Prevention of drug delivery disturbances during continuous intravenous infusion: an in vitro study on a new multi-lumen infusion access device.

OBJECTIVE

Stopping and restarting carrier fluid flow and performing simultaneous drug infusions can lead to hazardous disturbances in drug delivery. The present study was designed to assess in vitro whether using a multi-lumen infusion access device could prevent noradrenaline disturbances.

STUDY DESIGN

In vitro laboratory work.

METHODS

Two infusion devices were studied: a standard device with a four-port manifold and a 150cm extension line and a nine-lumen infusion device (Edelvaiss-Multiline(®)) with eight accesses connected to nine separate lumens in a single tube of 150cm: seven accesses connected to seven peripheral lumens and one for the carrier fluid access connected to two lumens.

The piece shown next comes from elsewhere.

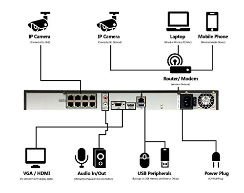 Offers true Plug and Play with a built-in Poe. Simply connect the IP camera to a Cat5 cable, connect it to your NVR and your system should automatically detect the camera that's ready to view

Two experimental protocols of noradrenaline infusion were made: (a) drug flow rate change and (b) stop-and-go carrier fluid flows. Two parameters were studied: drug mass flow rate and flow change efficiency (FCE) calculated from the ratio of the area under the experimental mass flow rate curve to the area under the theoretical instantaneous mass flow rate curve.

RESULTS

Variations in noradrenaline mass flow rate were more rapid with the Edelvaiss-Multiline(®) when the noradrenaline infusion rate was increased or decreased. FCE was significantly different from one infusion device to the other during both noradrenaline flow rate increase (standard vs. nine-lumen: 58% vs. 84%; P=0.008) and decrease (175% vs. 108%; P=0.008). Decreased drug delivery after stopping carrier fluid flow (standard vs. nine-lumen: 21% vs. 98%; P=0.008) and sudden temporary increases on resumption (253% vs. 103%; P=0.008) were reduced in magnitude and duration when using the Edelvaiss-Multiline(®) with a significant difference in FCE between the two infusion devices.

CONCLUSIONS

Using the nine-lumen infusion device reduces drug delivery disturbances during continuous intravenous infusion.